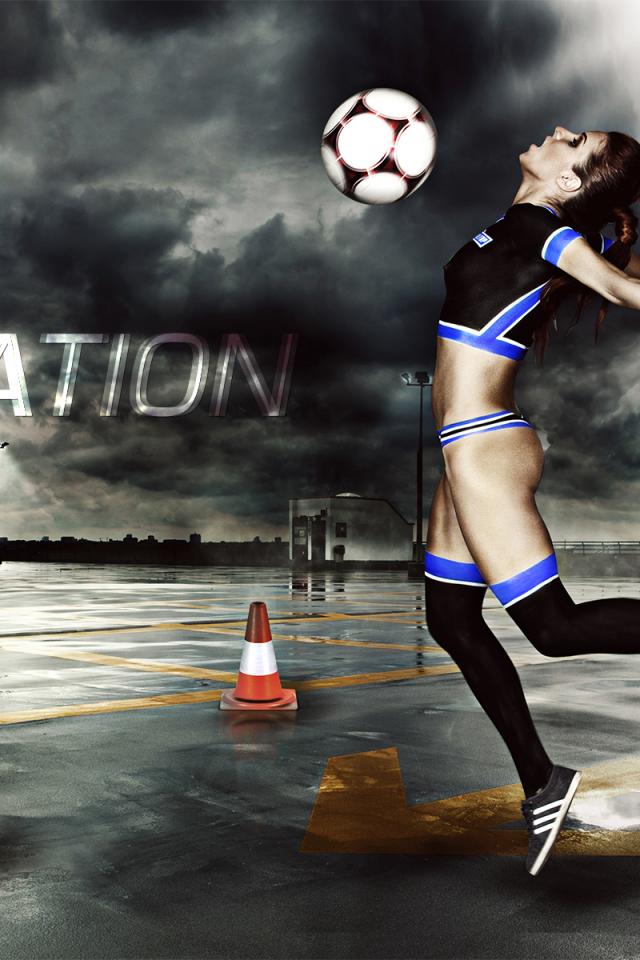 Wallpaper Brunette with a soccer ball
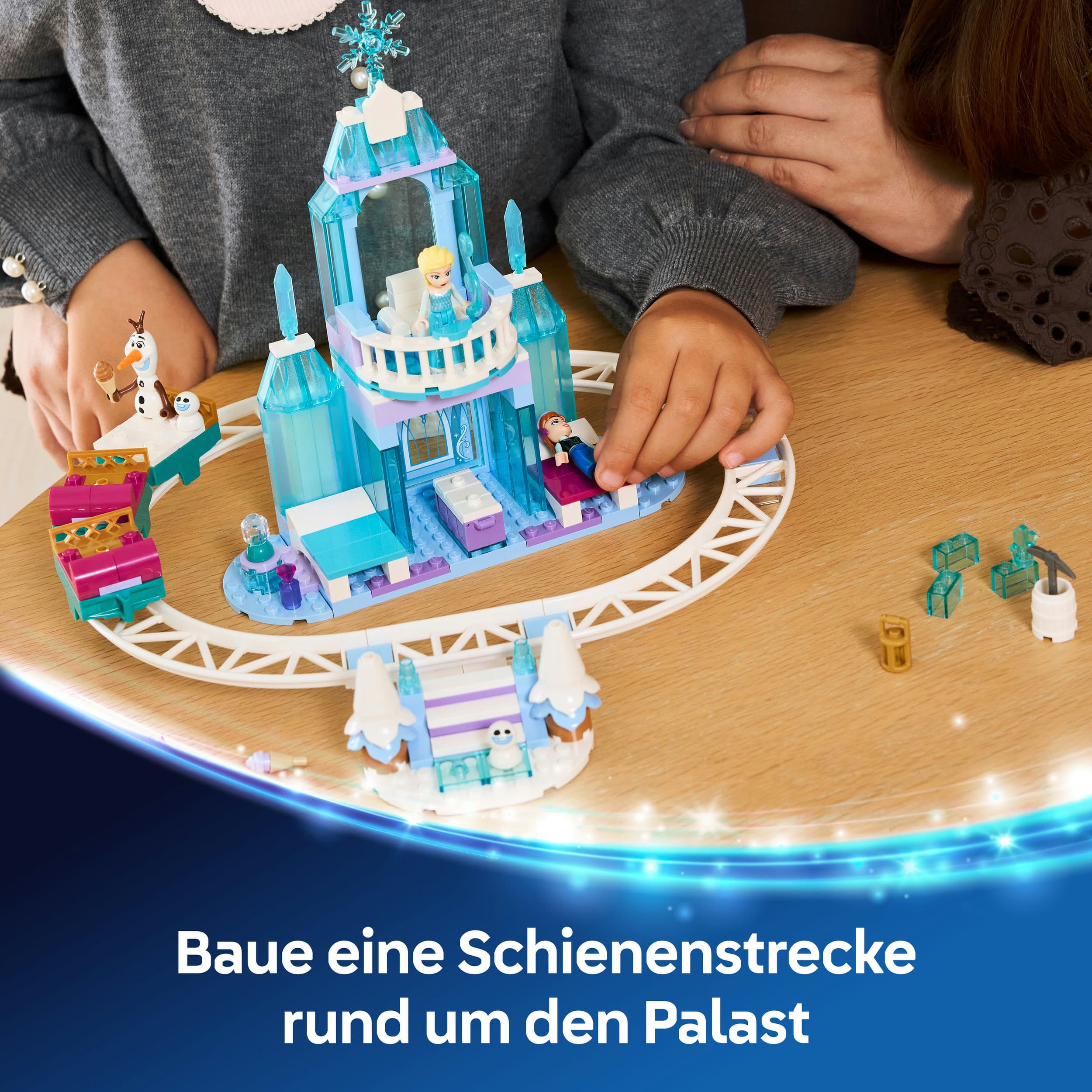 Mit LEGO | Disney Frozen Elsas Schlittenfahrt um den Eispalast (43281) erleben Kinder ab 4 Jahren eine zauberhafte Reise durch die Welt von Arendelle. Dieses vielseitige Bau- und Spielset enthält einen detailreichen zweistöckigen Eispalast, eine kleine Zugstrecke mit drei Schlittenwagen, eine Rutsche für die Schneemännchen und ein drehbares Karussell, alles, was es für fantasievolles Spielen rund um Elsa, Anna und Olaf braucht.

---

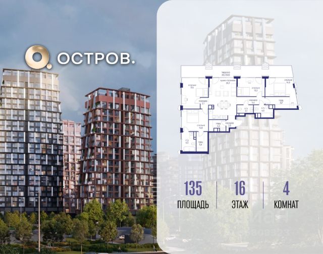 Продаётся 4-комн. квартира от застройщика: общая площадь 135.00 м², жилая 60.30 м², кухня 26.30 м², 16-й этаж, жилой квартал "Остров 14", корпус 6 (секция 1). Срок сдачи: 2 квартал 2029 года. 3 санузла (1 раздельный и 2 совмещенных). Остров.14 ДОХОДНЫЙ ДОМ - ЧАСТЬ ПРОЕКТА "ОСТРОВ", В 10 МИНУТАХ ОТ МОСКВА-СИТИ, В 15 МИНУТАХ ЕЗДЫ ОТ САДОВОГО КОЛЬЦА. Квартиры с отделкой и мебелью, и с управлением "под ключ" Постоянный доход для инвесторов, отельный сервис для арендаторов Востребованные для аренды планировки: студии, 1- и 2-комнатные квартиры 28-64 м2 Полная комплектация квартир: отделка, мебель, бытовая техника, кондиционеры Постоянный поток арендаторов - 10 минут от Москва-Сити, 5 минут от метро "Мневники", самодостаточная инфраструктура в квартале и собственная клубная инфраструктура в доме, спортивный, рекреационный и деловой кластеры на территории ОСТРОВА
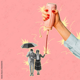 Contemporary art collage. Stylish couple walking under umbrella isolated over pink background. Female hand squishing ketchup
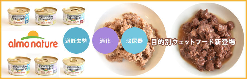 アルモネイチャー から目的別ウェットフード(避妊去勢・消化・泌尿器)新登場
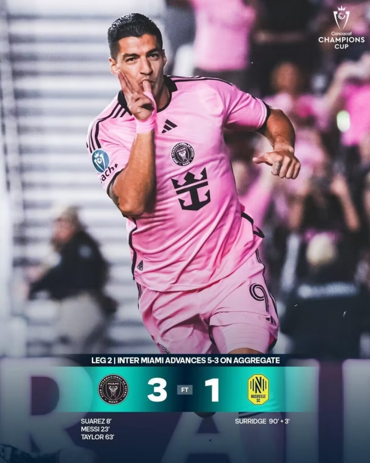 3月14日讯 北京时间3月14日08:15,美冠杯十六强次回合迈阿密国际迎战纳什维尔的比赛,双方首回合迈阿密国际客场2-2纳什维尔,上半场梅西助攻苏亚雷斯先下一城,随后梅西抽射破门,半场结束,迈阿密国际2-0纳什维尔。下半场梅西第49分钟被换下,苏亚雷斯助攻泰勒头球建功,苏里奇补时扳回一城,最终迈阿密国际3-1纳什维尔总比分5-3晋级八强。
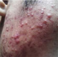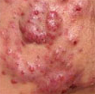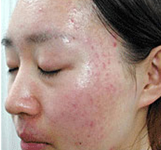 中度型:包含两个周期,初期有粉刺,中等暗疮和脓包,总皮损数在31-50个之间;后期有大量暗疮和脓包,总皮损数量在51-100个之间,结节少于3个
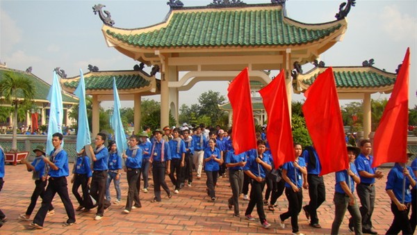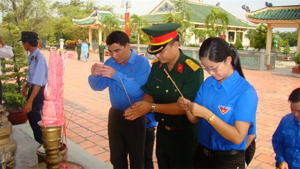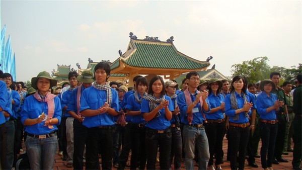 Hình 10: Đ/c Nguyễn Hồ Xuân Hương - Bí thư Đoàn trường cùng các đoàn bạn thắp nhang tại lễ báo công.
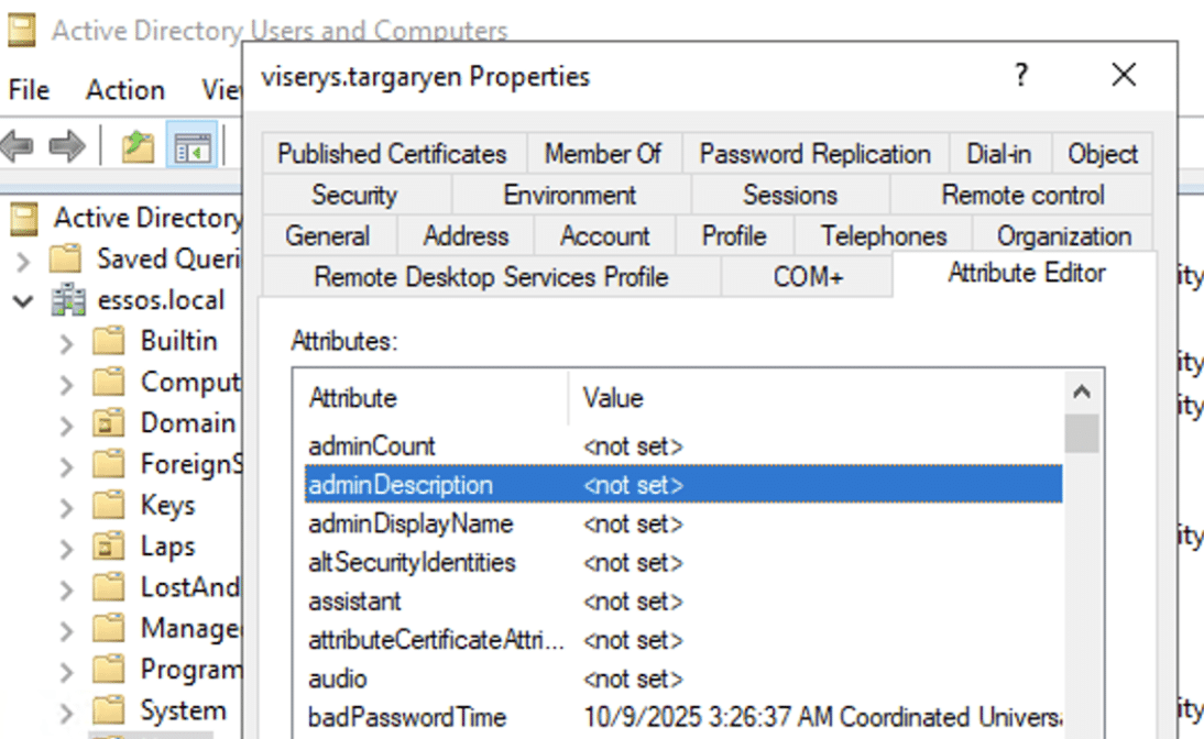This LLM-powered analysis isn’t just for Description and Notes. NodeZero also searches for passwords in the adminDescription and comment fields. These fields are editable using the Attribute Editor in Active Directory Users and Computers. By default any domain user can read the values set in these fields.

* * *

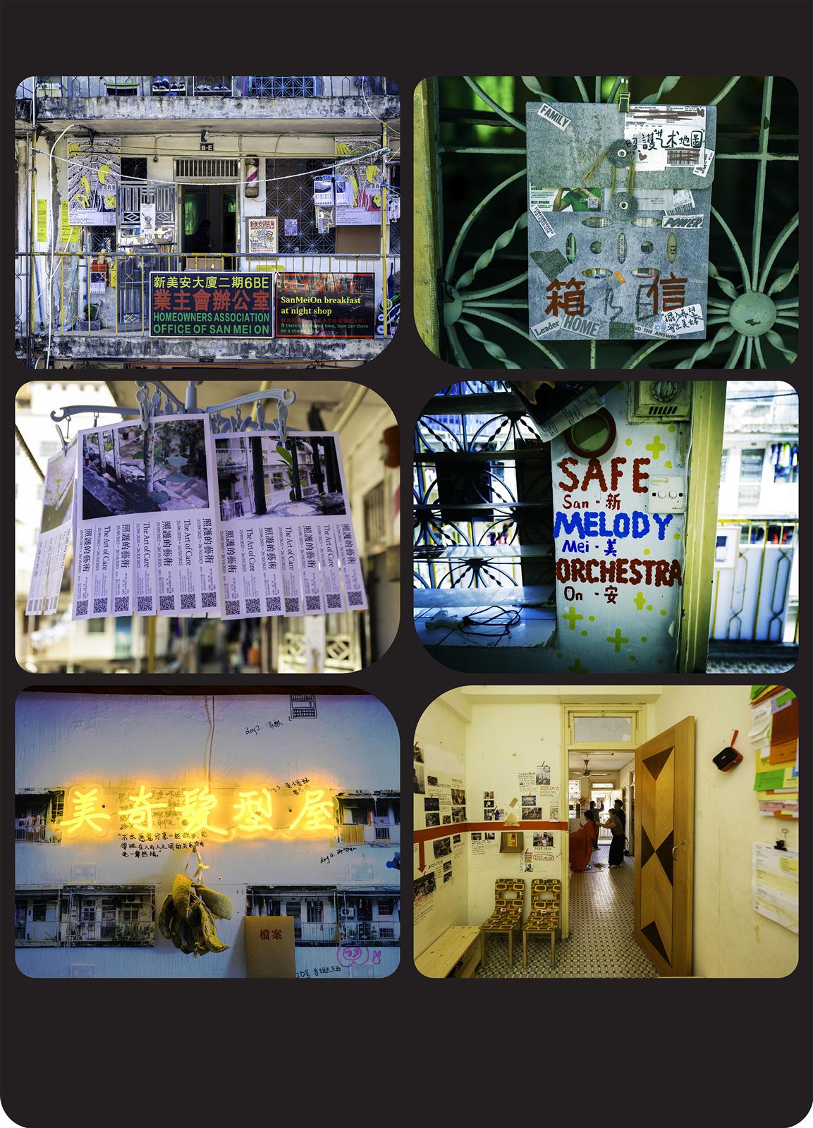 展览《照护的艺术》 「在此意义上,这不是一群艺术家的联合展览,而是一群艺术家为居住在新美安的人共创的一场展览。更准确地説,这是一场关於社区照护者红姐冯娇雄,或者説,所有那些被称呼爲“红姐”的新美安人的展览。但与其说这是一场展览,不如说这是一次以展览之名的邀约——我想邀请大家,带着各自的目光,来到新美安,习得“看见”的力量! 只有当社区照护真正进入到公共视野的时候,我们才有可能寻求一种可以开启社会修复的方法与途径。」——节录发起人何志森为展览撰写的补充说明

### What to do
Reproduce, word for word, only the lines in the records above from the line with "Wallpaper Brunette with a soccer ball" through the line with "Mit LEGO | Disney", including both ends; omit the pictures.

### Response for this exercise
 Wallpaper Brunette with a soccer ball
 Mit LEGO | Disney Frozen Elsas Schlittenfahrt um den Eispalast (43281) erleben Kinder ab 4 Jahren eine zauberhafte Reise durch die Welt von Arendelle. Dieses vielseitige Bau- und Spielset enthält einen detailreichen zweistöckigen Eispalast, eine kleine Zugstrecke mit drei Schlittenwagen, eine Rutsche für die Schneemännchen und ein drehbares Karussell, alles, was es für fantasievolles Spielen rund um Elsa, Anna und Olaf braucht.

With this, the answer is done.